Am 19. Juli 1876 veröffentlichte die Deutsche Bauzeitung in der Ausgabe 58 auf den Seiten 291 und 292 einen Bericht des Baumeisters Biedermann. Er war am 12. April 1876 von der königlichen Regierung in Wiesbaden mit Aufnahme der Situation und Veranschlagung der zu treffenden „Sicherheitsmaßregeln“ beauftragt worden. Seinen Bericht geben wir hier im Folgenden in Auszügen wieder.

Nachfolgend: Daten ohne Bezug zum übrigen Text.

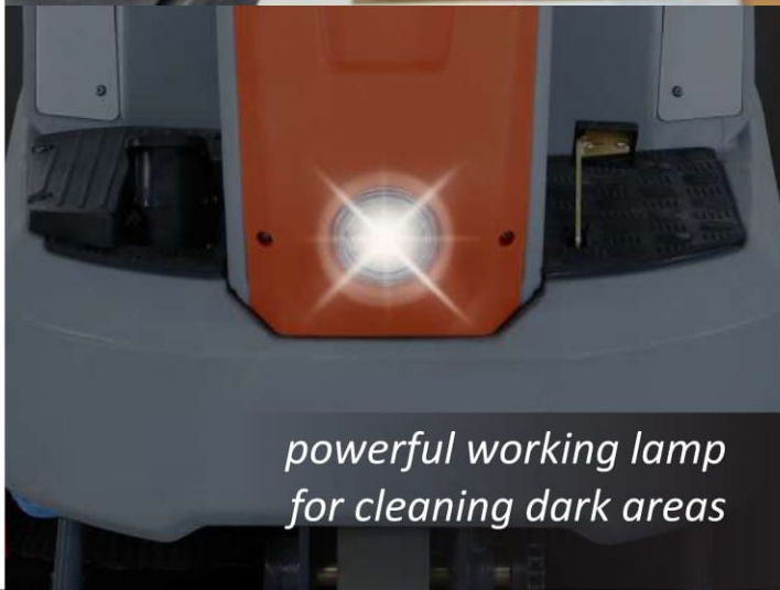
powerful working lamp for cleaning dark areas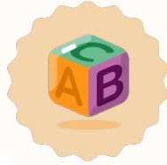
EDUCATIONAL AND CHILD CARE SERVICES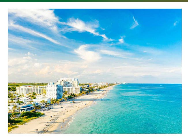
Winter 2024 BOARD MEETING: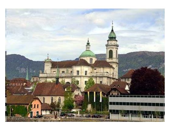
Cathedral of St. Ursus and Victor

2. On this day also St. Ursus and St. Victor and 66 soldiers belonging to the Theban Legion were martyred in the Swiss city of Solothurn.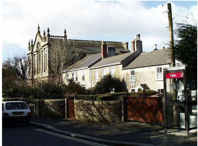
Plain an Gwarry, Redruth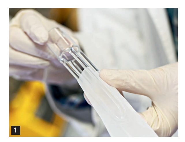
Easy handling: Insert FibreBag, weigh sample and you're ready. No need to seal the filter bag.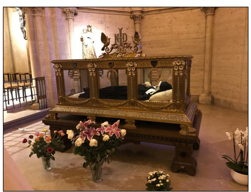
The incorrupt body of Saint Bernadette reposes peacefully in Nevers, France.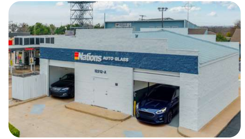
12212 Ranch Road 620 N, Austin, TX 78750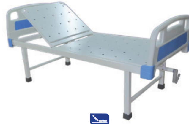
SSI 18 - Semi Fowler Bed (Polymer Moulded Head & Foot Pannels)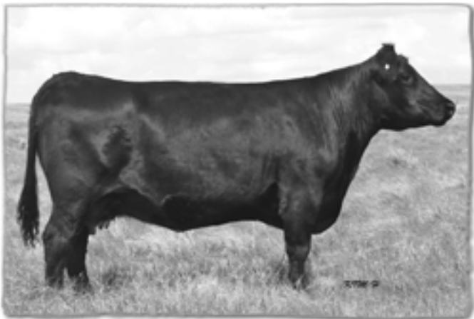
LOT 154 - DOUBLE AA ANNIE K 802'01

Exposed: May 5, 2009 to August 1, 2009 to Double AA Bardolier 47'06 -1329580-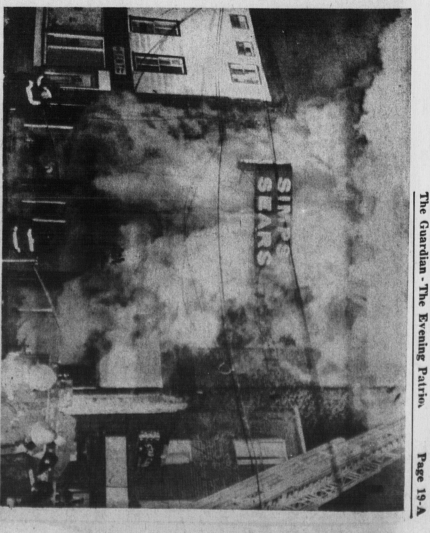
A FIRE AT SIMPSON'S SEARS RESULTED IN A LOSS OF $200,000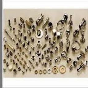
Precision Turned Components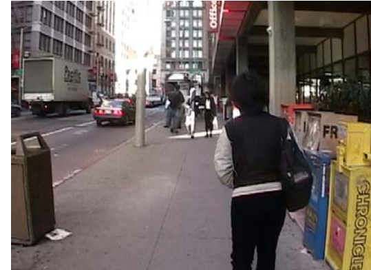
Figure 5: Best Match for a Run that Required High Values of Enclosure, Transparency, and Complexity

To expand the sample, a second visual assessment survey (16 additional clips) was conducted face-to-face at a meeting of the expert panel. For this survey, clips were also in random order. Panel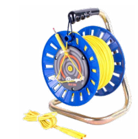
Test lead on a reel yellow 75 m / 100 m / 200 m

WAPRZ075BUBBSZ WAPRZ100BUBBSZ WAPRZ200BUBBSZ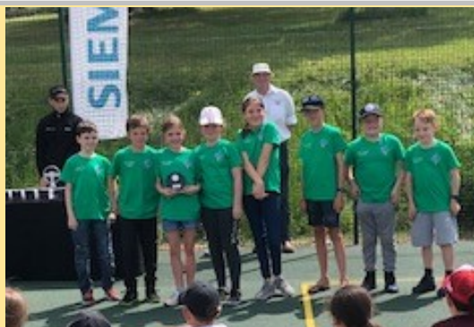
GreenPower receiving their award last Saturday—see over for more details.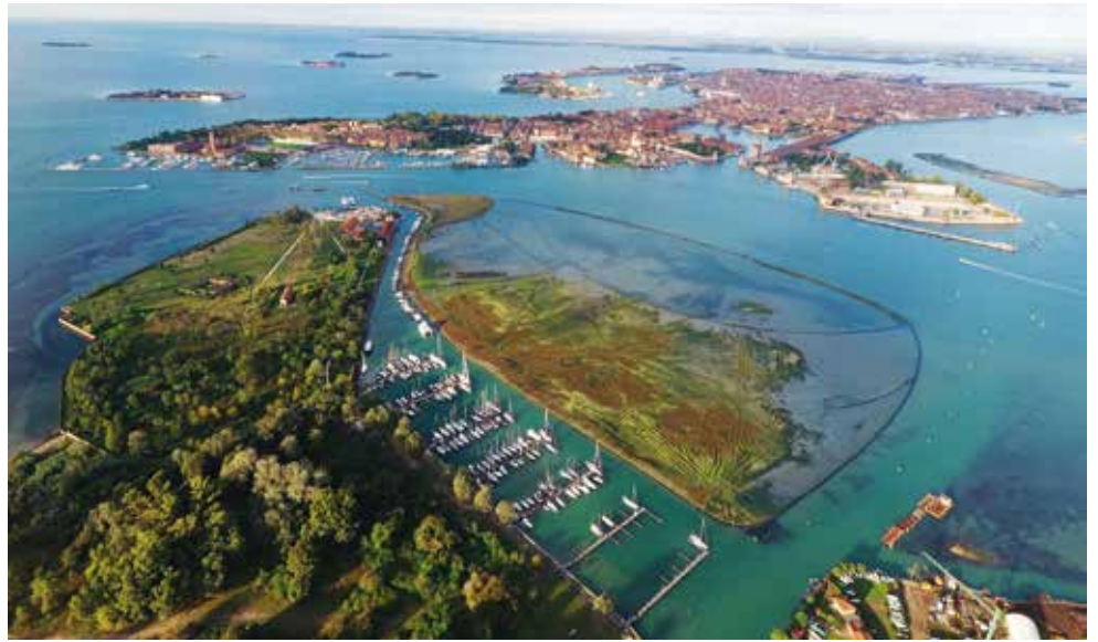
Marina Certosa, Marina Sant'Elena e Diporto Velico, Venezia - Italy

Usually, the types of fingers used are the same as the pontoons to which they are to be connected, therefore with steel or aluminium structures and concrete or polyethylene floats for installations with FE or AL pontoons. On CA/CLS pontoons, two alternative types of fingers are possible: discontinuous floating fingers as for the previous two types of pontoons with metal frames, or the adoption of monolithic reinforced concrete structures of the same characteristics as the pontoons. Production includes modules with length of 6.0, 7.5, 9.0, 10.5, 12.0 and 13.5m.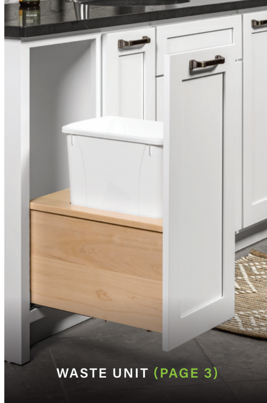
WASTE UNIT (PAGE 3)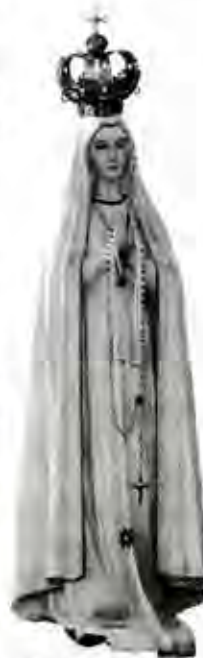
Only I can help you.

Kneel, ye mighty mountains, Bend low, O forests green, Let all creation spread its cape In honor of the Queen.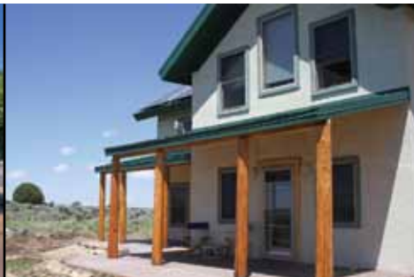
PRIVACY & VIEWS MLS 1386941 $284,000 Monticello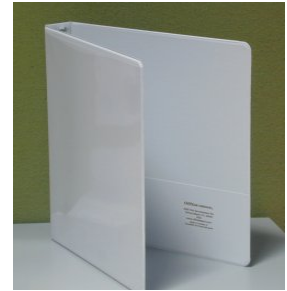
In-View Hardcover Binder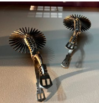
11/ Spurs Unknown Author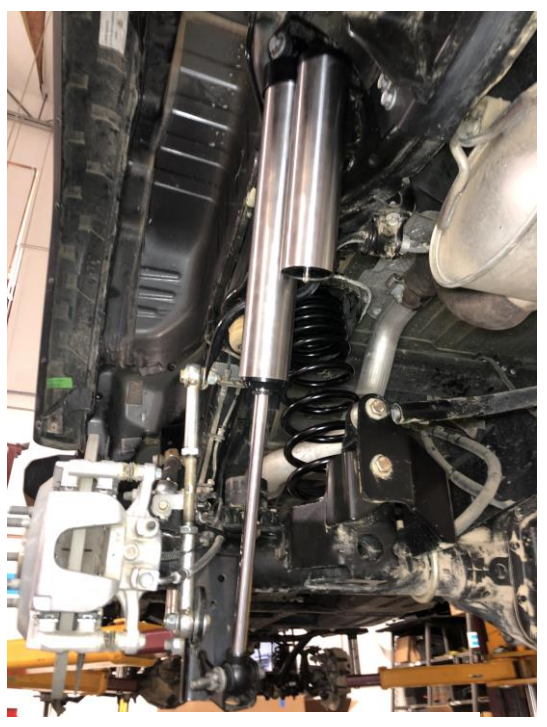
Figure 2 - Rear Driver Side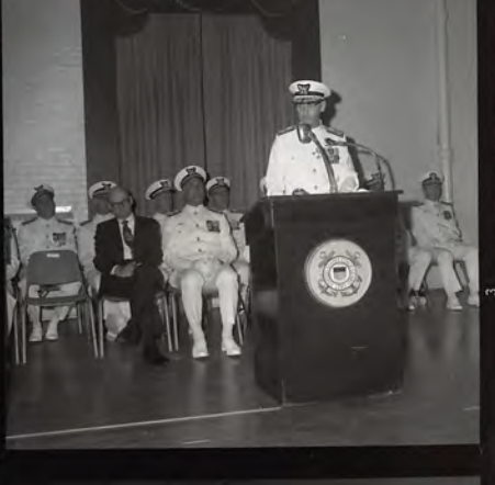
3 3 A SAFETY FILM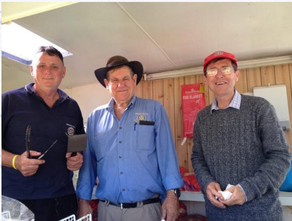
Our BBQ wizards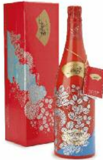
753 Champagne Collection 'Matta' 1992 Taittinger, Reims

Excellent level and appearance S 1 bottle (OCB) Per lot: € 120 – 160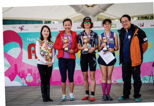
10公里速度賽-女子組得獎者 Winners of the 10KM Challenge Run - Female Group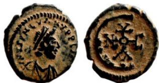
999 Byzantine Empire coin 15mm 2,51g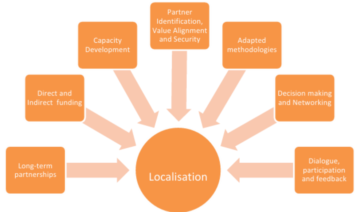
Graph 1 - Terre des hommes' principles towards Partnerships for Localisation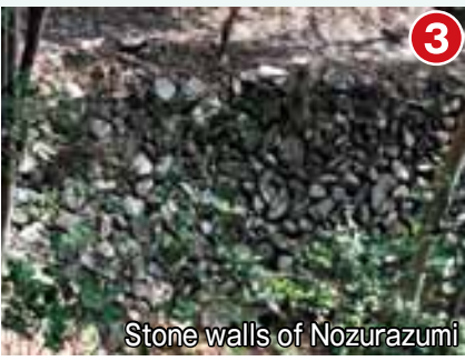
Along the valley, you can see stone walls here and there. Their history goes way back, and they have protected the road from years and years of wind and rain erosion.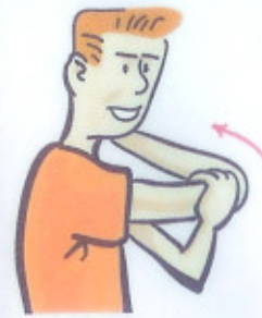
4. Shoulder Stretch (keep elbow parallel to ground)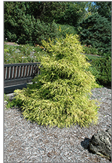
Lemon Thread Falsecypress

Lemon Thread Falsecypress is recommended for the following landscape applications;

„Die ganze Fläche, auf welcher die Rutschung sich erstreckte, hatte eine Längenausdehnung von etwa 250 Meter bei einer Breite von 50 bis 80 Meter.“ „Das Rutschgebiet wurde bereits seit Oktober 1874 durch ausgesteckte Visirlinien, deren Eckpunkte auf festem Boden eingerichtet waren, beobachtet.“ „Die Bewegungen hatten demnach nur sehr langsam stattgefunden; dennoch war im Februar dieses Jahres mit Aufführung einer breiten Trockenmauer begonnen, um hierdurch teilweise den Bewegungen Einhalt tun zu können. Desgleichen war die Abtragung der am meisten gefahrdrohenden Bergmassen eingeleitet und endlich war durch den Stollen Karlszeche die Lösung innerer Wassermassen versucht worden, wenngleich ohne besonderen Erfolg.“

„Nur das anhaltende und bedeutende Regenwetter dieses Frühjahres hat die Katastrophe so schnell, wie geschehen, herbeigeführt. „Es war die auf nordwestlicher Seite zu Tage tretende Lettenschicht durch die anhaltenden Regengüsse wie mit Seife geschmiert und diente nun der auflagernden, teilweise schon gelösten, sehr vom Wasser durchzogen und schwer gewordenen Fels- und Schuttmassen als Rutschfläche.“

Abgetragen wurden aus dem oberen Bereich 5.000 Kubikmeter in das Blüchertal über eine Strecke von 130 Meter. 30.000 Kubikmeter aus dem mittleren Bereich wurden in Richtung Sauerthal über 370 Meter abtransportiert. Dadurch sollten die unteren Massen entlastet werden. Diese wurden in einem Umfang von 60.000 Kubikmeter an den Rhein gebracht und zur Regulierung des Rheinufers verwendet.

Das Unglück hatte deutschlandweit eine hohe Beachtung erfahren. Im Rheingau wurden für die Opfer Spenden gesammelt. Kaiser Wilhelm I. und Kaiserin Auguste besuchten mit einem Sonderzug Kaub am 1. Mai 1876.

RZ: „Caub, 23. November. (Bergrutsch) Allem Anscheine nach ist die Ansicht der Herren Techniker, dass das Wasser in dem Gebirge das Rutschen der Gebirgsmasse nach der Stadt zu veranlasse, wirklich richtig, denn seit einigen Tagen läuft schon aus 3 Stollen, die man zur Abzapfung des Wassers in den Berg hineintreibt, ziemlich viel Wasser ab. Wie man hört, soll dasselbe in allen Stollen von der Seite her eintreten, nach welcher hin alte Schiefergruben vorliegen, worin sich große Wassermassen angesammelt haben. Man erwartet deshalb auch gegen das Frühjahr, d.h. nach dem Schneeabgang, noch einen stärkeren Wasserzulauf in den Stollen und trifft bereits Anstalten zur Legung einer Röhrenleitung, um dies Wasser unterirdisch abzuleiten.“

RZ 1881: 1. Januar Caub, 31. December. Gestern früh ½ 7 Uhr fand unterhalb Caub wieder ein Bergrutsch statt, welcher den Bahnkörper über 20 Meter weit verschüttete, so dass der Eisenbahnverkehr eine Unterbrechung erlitt, welche indessen heute früh wieder soweit beseitigt war, dass die Züge wieder planmäßig fahren können.